» Data in this exercise
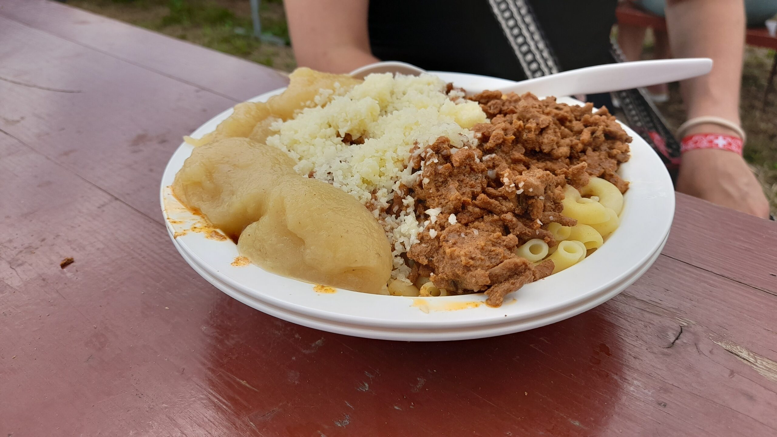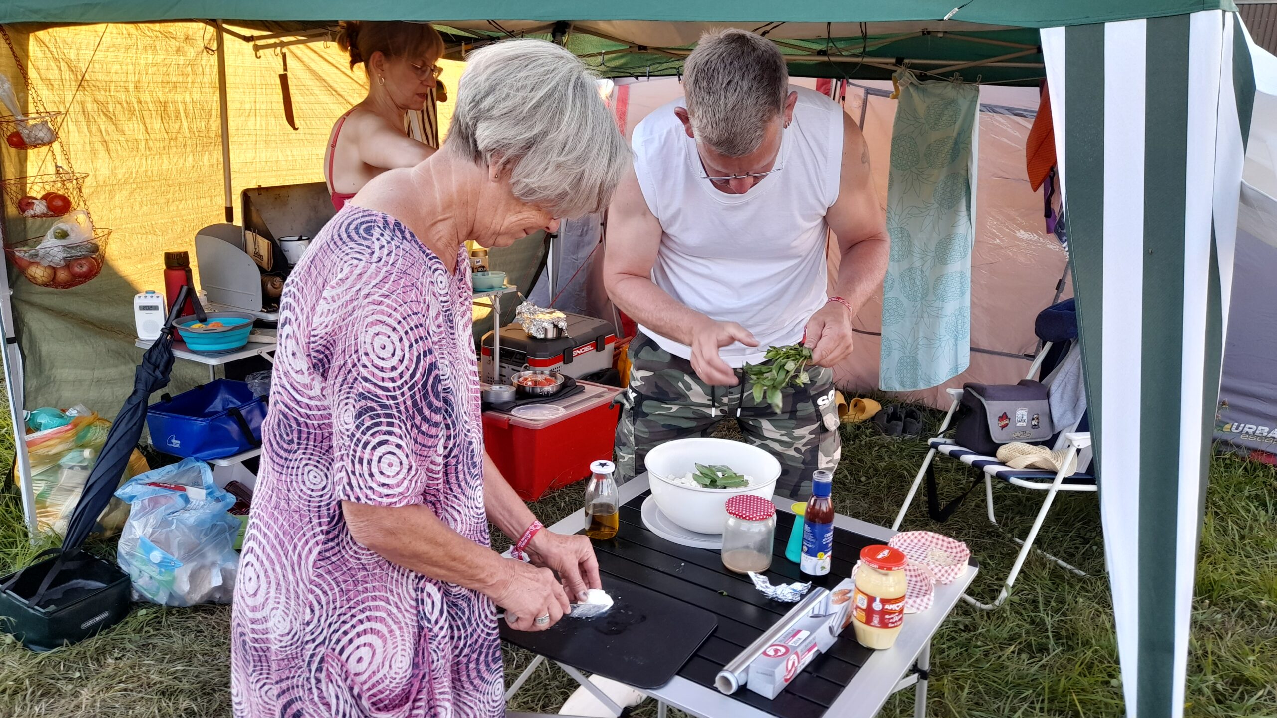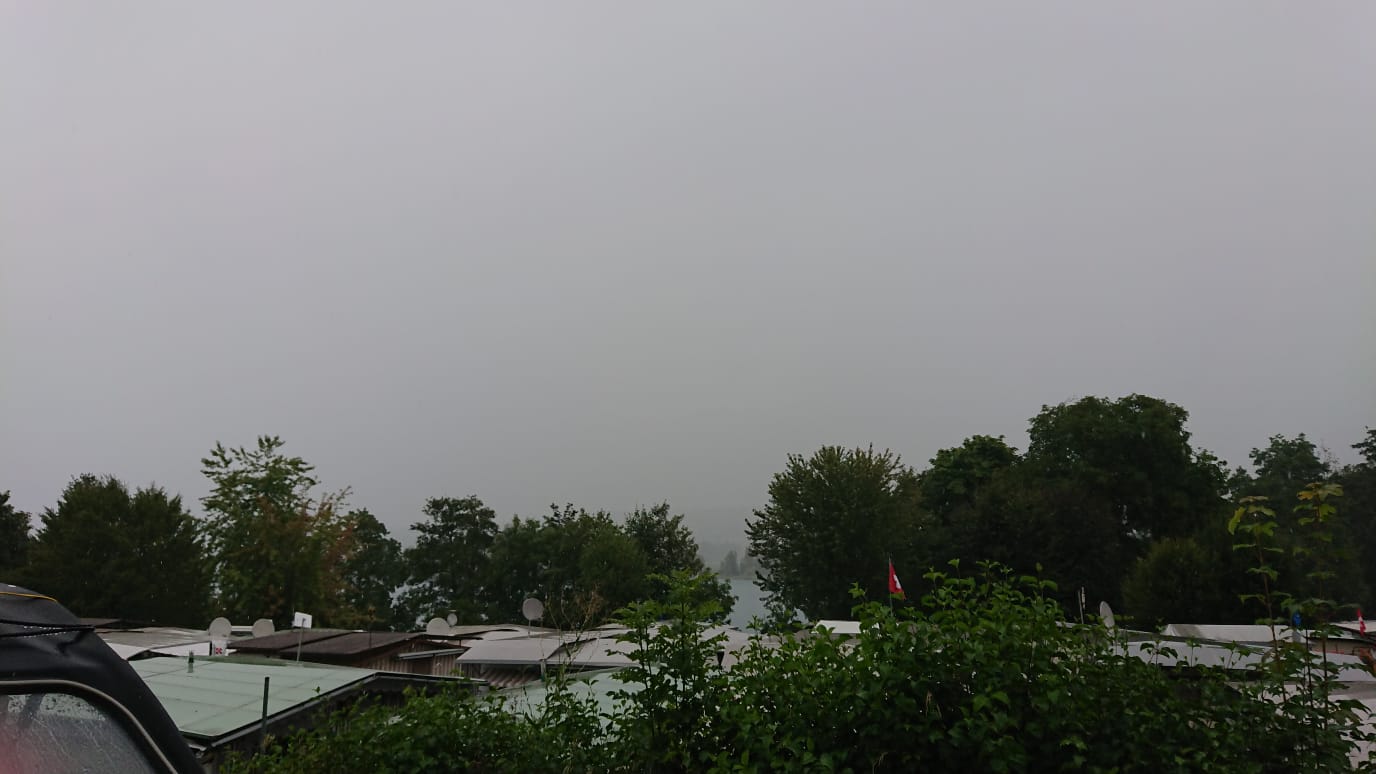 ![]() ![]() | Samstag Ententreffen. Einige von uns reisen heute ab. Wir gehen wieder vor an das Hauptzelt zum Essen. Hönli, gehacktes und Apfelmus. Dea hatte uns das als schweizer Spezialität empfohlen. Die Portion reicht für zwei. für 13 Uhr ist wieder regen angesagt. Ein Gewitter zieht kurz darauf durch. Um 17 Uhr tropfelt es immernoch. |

==

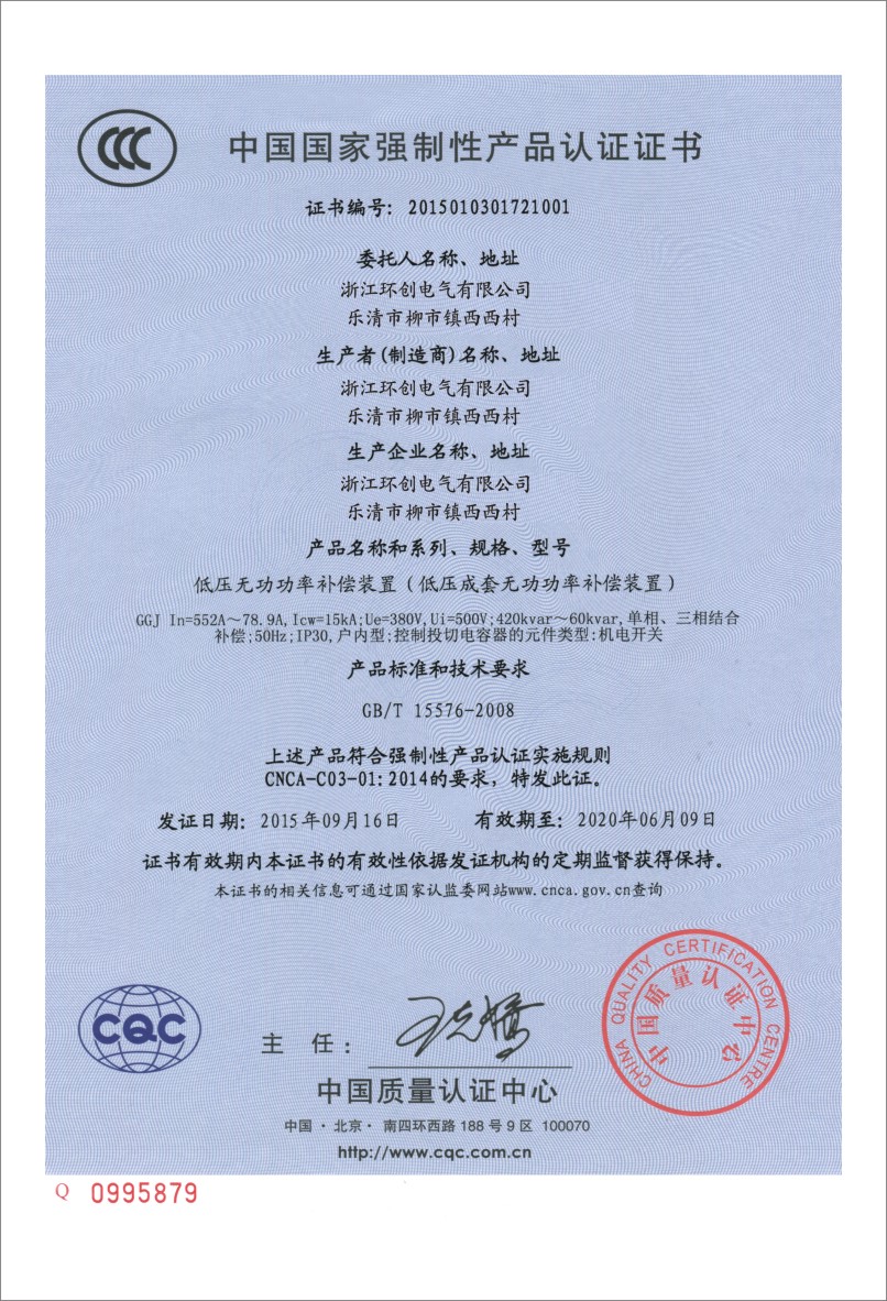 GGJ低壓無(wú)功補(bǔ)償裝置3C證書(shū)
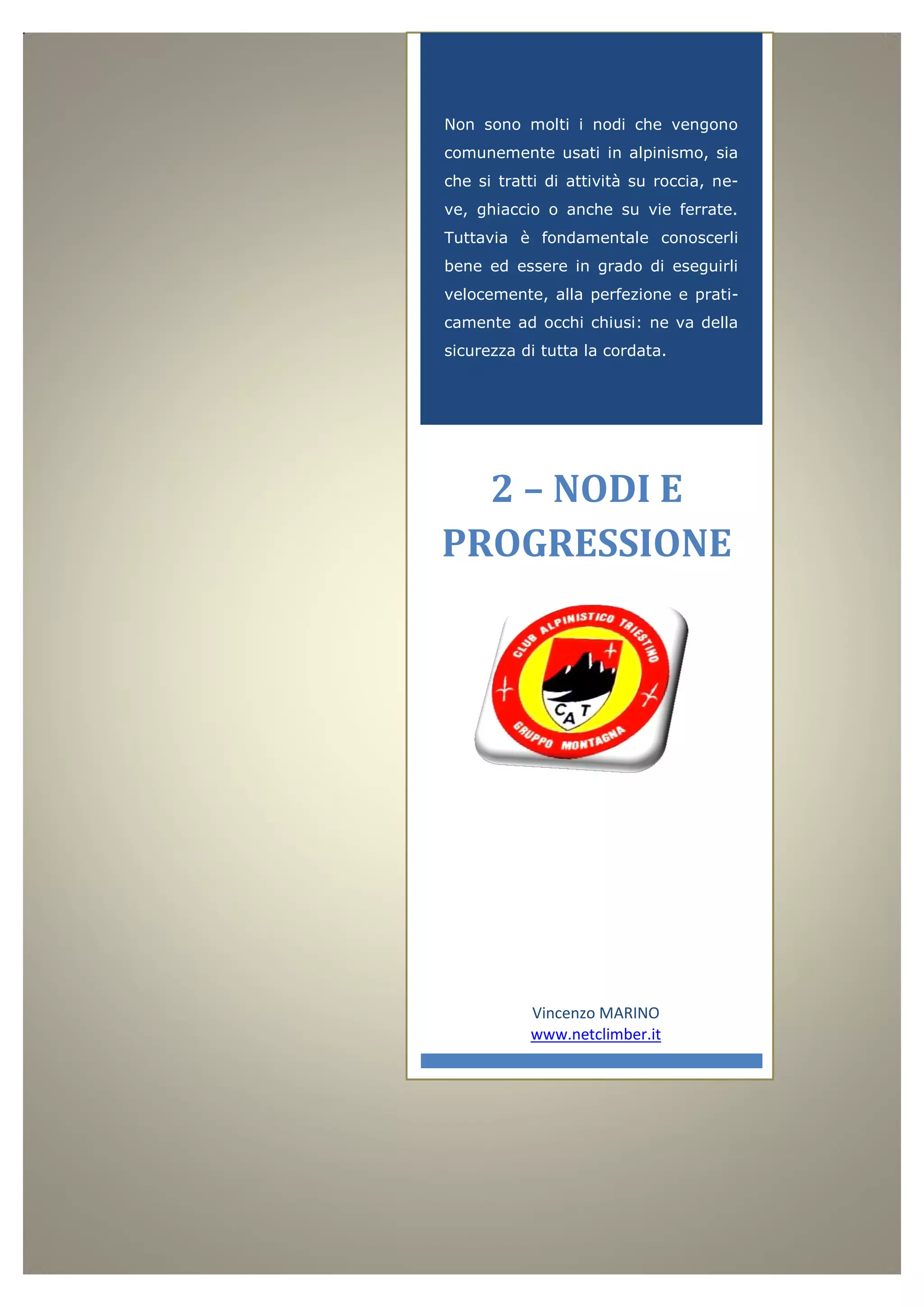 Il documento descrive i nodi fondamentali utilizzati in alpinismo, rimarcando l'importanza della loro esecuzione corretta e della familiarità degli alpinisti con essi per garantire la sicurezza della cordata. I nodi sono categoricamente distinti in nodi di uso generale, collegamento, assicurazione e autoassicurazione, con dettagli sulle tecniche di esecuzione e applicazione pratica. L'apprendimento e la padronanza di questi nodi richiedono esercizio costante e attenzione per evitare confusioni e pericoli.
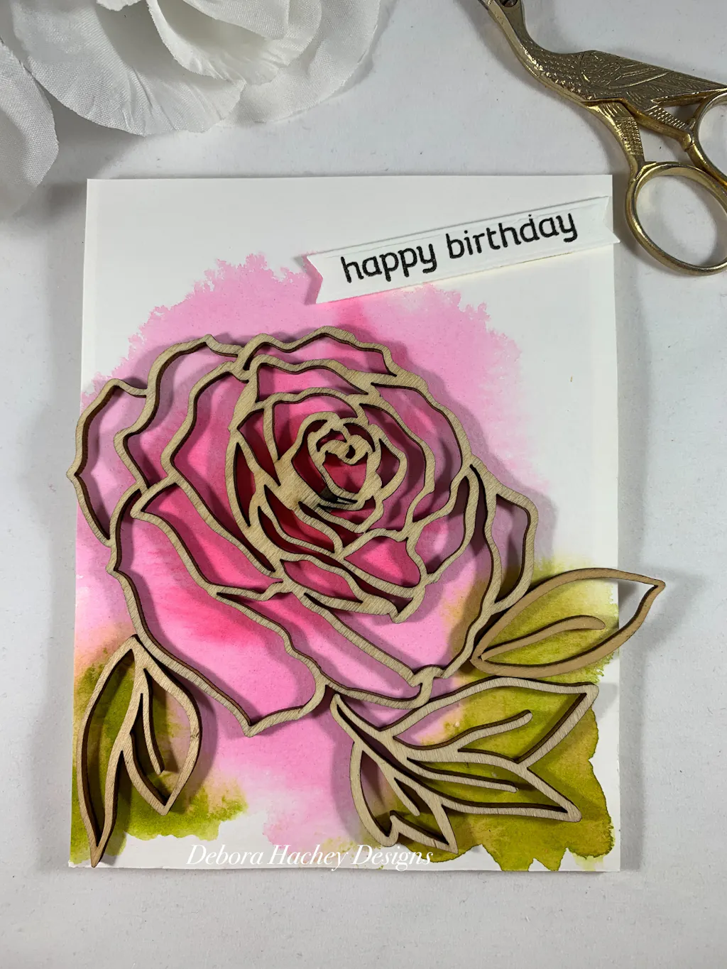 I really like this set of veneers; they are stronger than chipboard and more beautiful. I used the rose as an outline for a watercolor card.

---

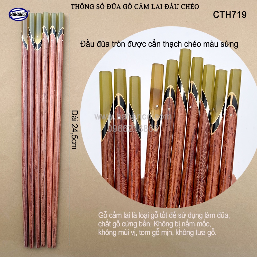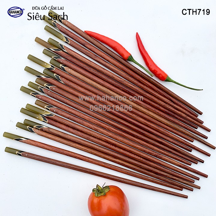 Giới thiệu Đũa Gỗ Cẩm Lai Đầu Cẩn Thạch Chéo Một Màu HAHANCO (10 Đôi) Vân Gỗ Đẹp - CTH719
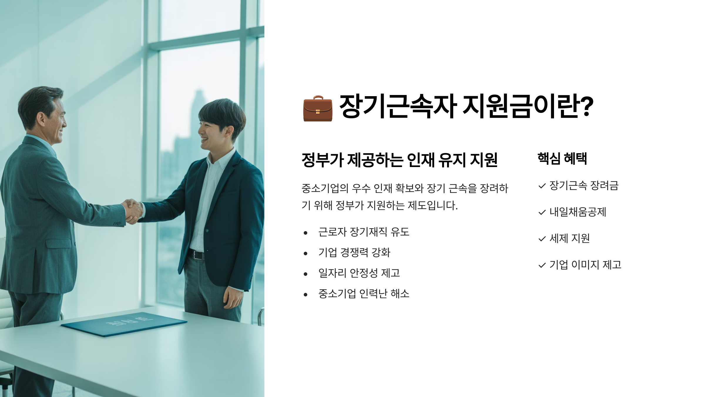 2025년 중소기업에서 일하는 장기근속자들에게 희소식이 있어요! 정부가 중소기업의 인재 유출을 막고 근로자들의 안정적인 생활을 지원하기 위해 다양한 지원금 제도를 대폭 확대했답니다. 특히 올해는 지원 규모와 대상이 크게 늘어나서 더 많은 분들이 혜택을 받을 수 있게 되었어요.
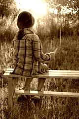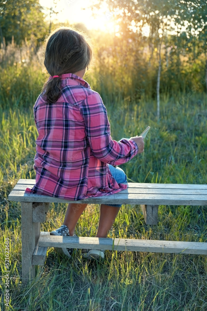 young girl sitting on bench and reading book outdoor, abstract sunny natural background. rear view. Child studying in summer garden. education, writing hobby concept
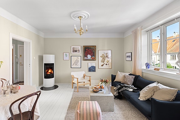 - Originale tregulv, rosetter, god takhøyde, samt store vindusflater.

» Exercise prompt
Beginning at the line above that contains "young girl sitting" and going on through the line that contains "- Originale tregulv, rosetter, god", please copy every line exactly, leaving the pictures out and adding nothing.

» Answer to this problem
 young girl sitting on bench and reading book outdoor, abstract sunny natural background. rear view. Child studying in summer garden. education, writing hobby concept
 - Originale tregulv, rosetter, god takhøyde, samt store vindusflater.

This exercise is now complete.